=== Begin Enclosure ===

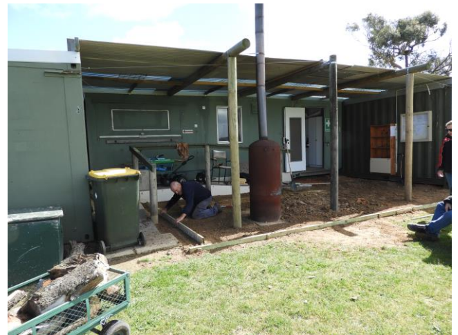
The retaining timber edge was moved out some 150mm to accommodate an even number of 450mm slabs. Originally 600x600 slabs were to be laid.

Last Sunday we started levelling the area in earnest ready for the pavers which are to be purchased following approval at the September meeting.
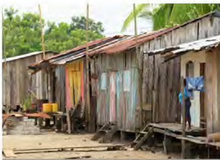
Increased development of rural-based attractions could increase income for the rural poor.

=== End Enclosure ===

▶ Task brief
An exact transcription of the data above is needed, without the pictures.

▶ Written solution
The retaining timber edge was moved out some 150mm to accommodate an even number of 450mm slabs. Originally 600x600 slabs were to be laid.

Last Sunday we started levelling the area in earnest ready for the pavers which are to be purchased following approval at the September meeting.
Increased development of rural-based attractions could increase income for the rural poor.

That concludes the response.